First, unit testing is sometimes used to ensure correct behavior on edge cases. For this purpose, an effective type system should be better. With a bounded sum type, it is impossible to forget to handle one of the cases without a type error. Likewise, by making properties that are optional clear in the type system, they also can't be missed. Instead of relying on manual tests, automatic types require no work and will do a more thorough and faster job of ensuring that most corner cases are handled.

Another goal is to get good coverage. With the testing difference engine, the coverage is not as essential of a metric. Furthermore, using property tests is a much more effective way of increasing the test coverage

In the documentation page, I describe the way of organizing code as if you are writing a book to explain the details of your library/service. In that respect, you should write manual tests for cases that you believe have explanatory value to your readers.
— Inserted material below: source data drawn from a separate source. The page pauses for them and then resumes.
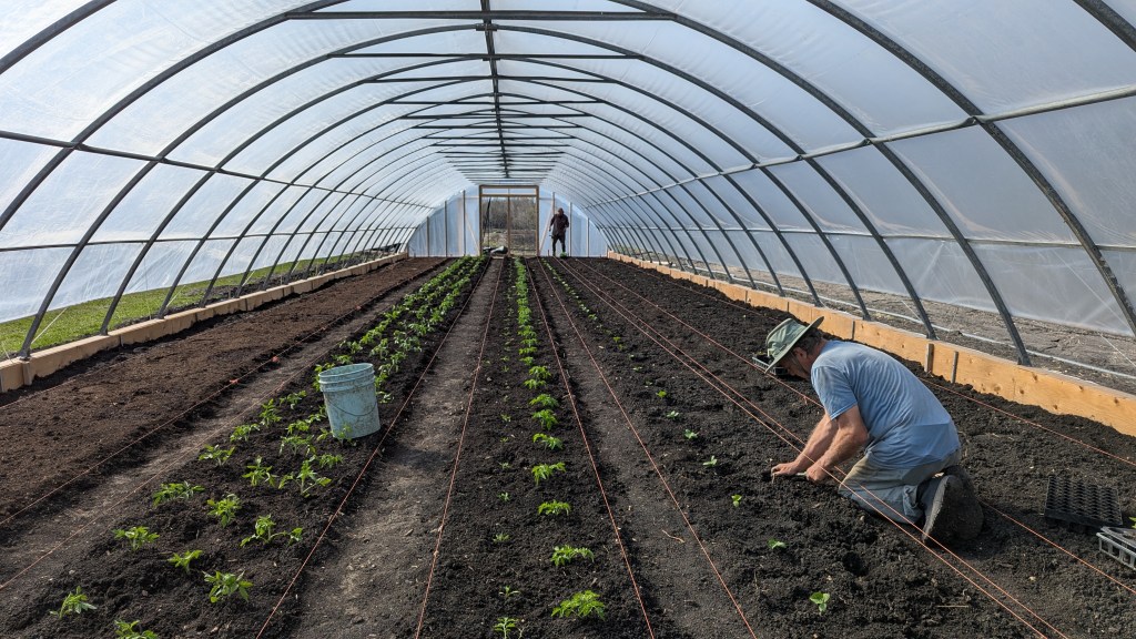 Are the spacings too close? Too far? Are we wasting our time with determinate tomatoes in a greenhouse? Can we keep up with trellising? Are we going to walk in here one day and wonder what we were thinking on this day, May 7th, 2025, when we first started planting in our new hoop house.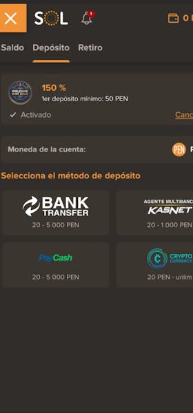 - Métodos de pago: Sol Casino Perú no cuenta con muchos métodos de pago como otras casas de apuestas, pero ofrece lo necesario para no tener problemas recargando o retirando: Transferencias, Kasnet, PayCash y Critomonedas para depósitos, y transferencias bancarias como única opción para retiros.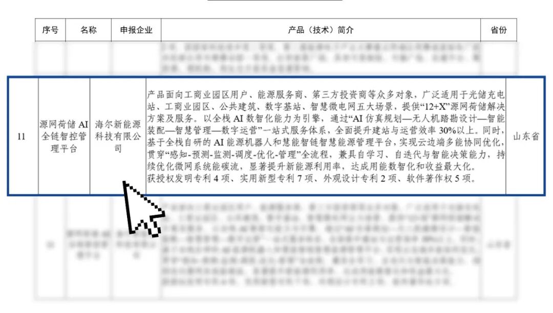近日,工信部完成全国工业领域电力需求侧管理典型案例(2025 年)及第七批参考产品(技术)征集遴选工作,经地方初审、专家评审及工信部复核,有34家企业和 30 项产品(技术)被列入典型案例名单。其中,海尔新能源报送的“源网荷储 AI 全链路智控管理平台”案例成功入选产品(技术)名单,山东省仅有4家企业入选。案例将作为工信部重点推广的先进技术成果,在全国范围内宣传推广。
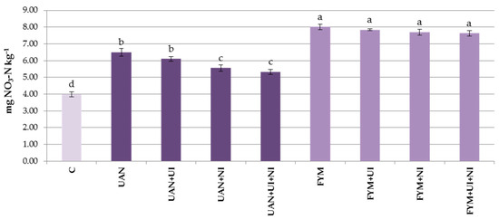 Nitrate content (NO3-N) in the soil. The same letter means not significantly different. C—control without fertilization; UAN—urea ammonium nitrate; UI—urease inhibitor; NI—nitrification inhibitor; FYM—farmyard manure with N mineral fertilizer base.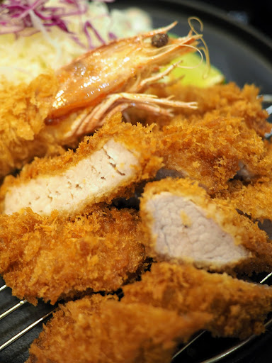 We ordered: assorted katsu meal, $22 - pork loin + pork tender lion + king prawn 1pc; served with rice, salad, and miso soup hire curry, $13.50 - pork tenderloin extra cabbage salad, $2 extra chicken katsu, $8

They should illustrate useful cases to understand how the function works and usually be co-located with either the function or it's declaration. As such, there is not a lot of difference between unit tests, integration tests, and examples which is why I have combined them together.

The only major difference would be the use of mocking. As a pure language (outside of IO), you should not need to use mocking besides a MockIO implementation. The MockIO should be reserved for only the functions that interact with the user directly while most of the logic should be located elsewhere.

Arrow Testing¶

Arrow testing should be the most convenient form of testing as it requires little additional thought. Most of it would be automatic based on definitions.

The only time to consider arrow testing is when you are designing algorithms with thought of their runtime. While you obviously want to create the faster versions, also consider writing the simpler native version to better explain the function. This then doubles as an arrow test which will verify the more complicated implementation as well.

Property Testing¶

The bulk of your testing should be done in property testing. However, the bulk would only be in terms of value instead of cost. When you write functions, try to include assertions as well. These can be in terms of the final value or intermediate values as well. The assertions can also provide a useful avenue to help provide additional explanation to those reading your function as well.